I am making a program that will extract the data from http://www.gujarat.ngosindia.com/
I wrote the following code :
def split_line(text):
words = text.split()
i = 0
details = ''
while ((words[i] !='Contact')) and (i<len(words)):
i=i+1
if(words[i] == 'Contact:'):
break
while ((words[i] !='Purpose')) and (i<len(words)):
if (words[i] == 'Purpose:'):
break
details = details+words[i]+' '
i=i+1
print(details)
def get_ngo_detail(ngo_url):
html=urlopen(ngo_url).read()
soup = BeautifulSoup(html)
table = soup.find('table', {'class': 'border3'})
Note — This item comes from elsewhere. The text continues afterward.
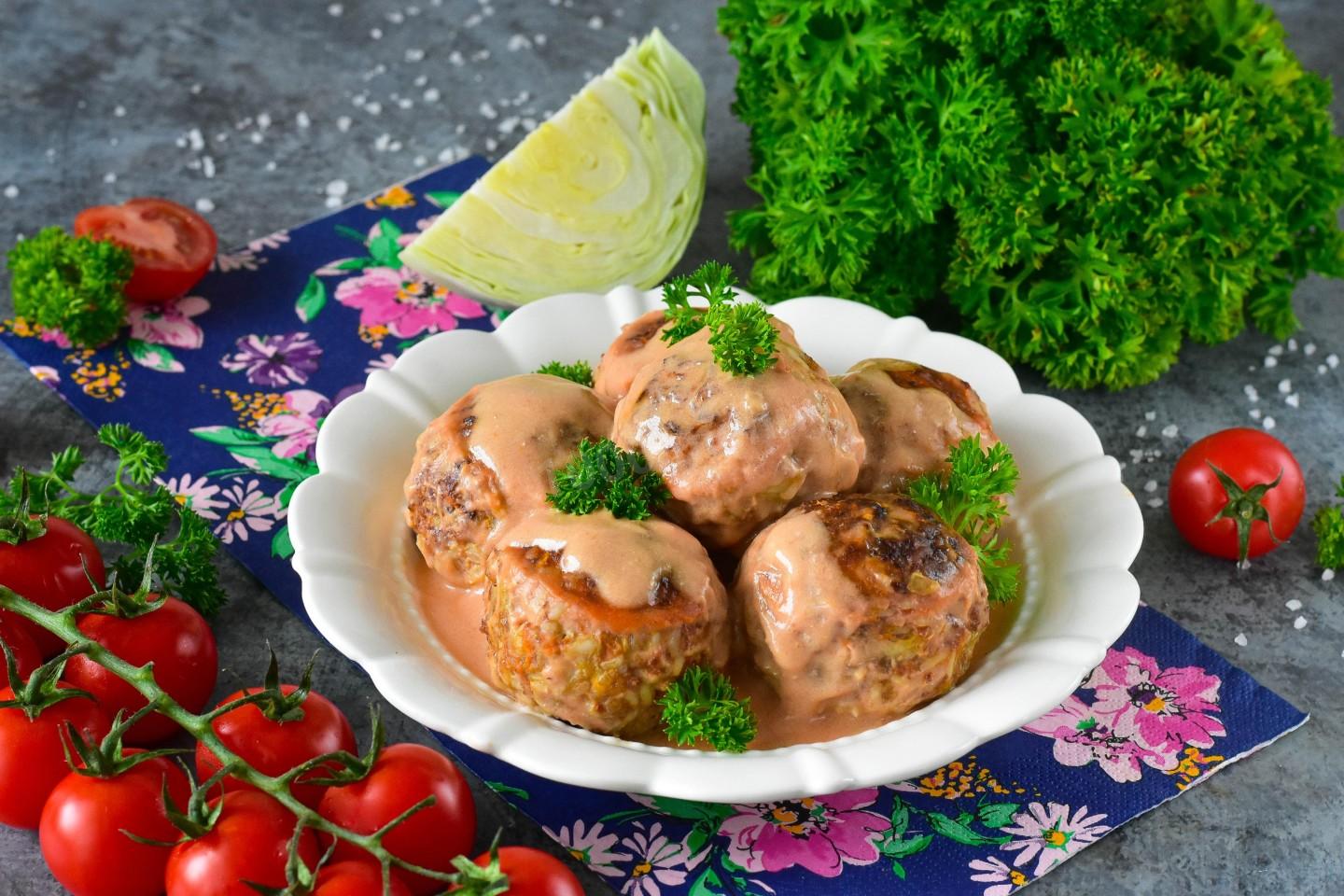 Переложите готовые ленивые голубцы на тарелку, стараясь сохранить их форму. Щедро полейте сверху горячим соусом, в котором они тушились, чтобы блюдо оставалось сочным и ароматным. Украсьте свежей мелко рубленой зеленью — идеально подойдет укроп, петрушка или немного зеленого лука, которые добавят цвет и свежий вкус. Приятного аппетита!

td = soup.find('td', {'class': 'border'})
split_line(td.text)
def get_ngo_names(gujrat_url):
html = urlopen(gujrat_url).read()
soup = BeautifulSoup(html)
for link in soup.findAll('div',{'id':'mainbox'}):
for text in link.find_all('a'):
print(text.get_text())
ngo_link = 'http://www.gujarat.ngosindia.com/'+text.get('href')
get_ngo_detail(ngo_link)
#NGO_name = text2.get_text())
a = get_ngo_names(BASE_URL)
print a
But when i run this script i only get the name of NGOs and contact person. I want Email, telephone number, website, purpose and contact person.
-
as a first step towards finding a solution, try throwing in a couple of print() to verify that the data is correct/what you expect in all instances...Fredrik Pihl– Fredrik Pihl2014年01月28日 11:36:19 +00:00Commented Jan 28, 2014 at 11:36
-
Or use pdb to step into the code.Dmitriy Khaykin– Dmitriy Khaykin2014年01月28日 15:21:42 +00:00Commented Jan 28, 2014 at 15:21
2 Answers 2
Your split_line could be improved. Imagine you have this text:
s = """Add: 3rd Floor Khemha House
Drive in Road, Opp Drive in Cinema
Ahmedabad - 380 054
Gujarat
Tel: 91-79-7457611 , 79-7450378
Email: [email protected]
Website: http://www.aavishkaar.org
Contact: Angha Mitra
Purpose: Economics and Finance, Micro-enterprises
Aim/Objective/Mission: To provide timely financing, management support and professional expertise ..."""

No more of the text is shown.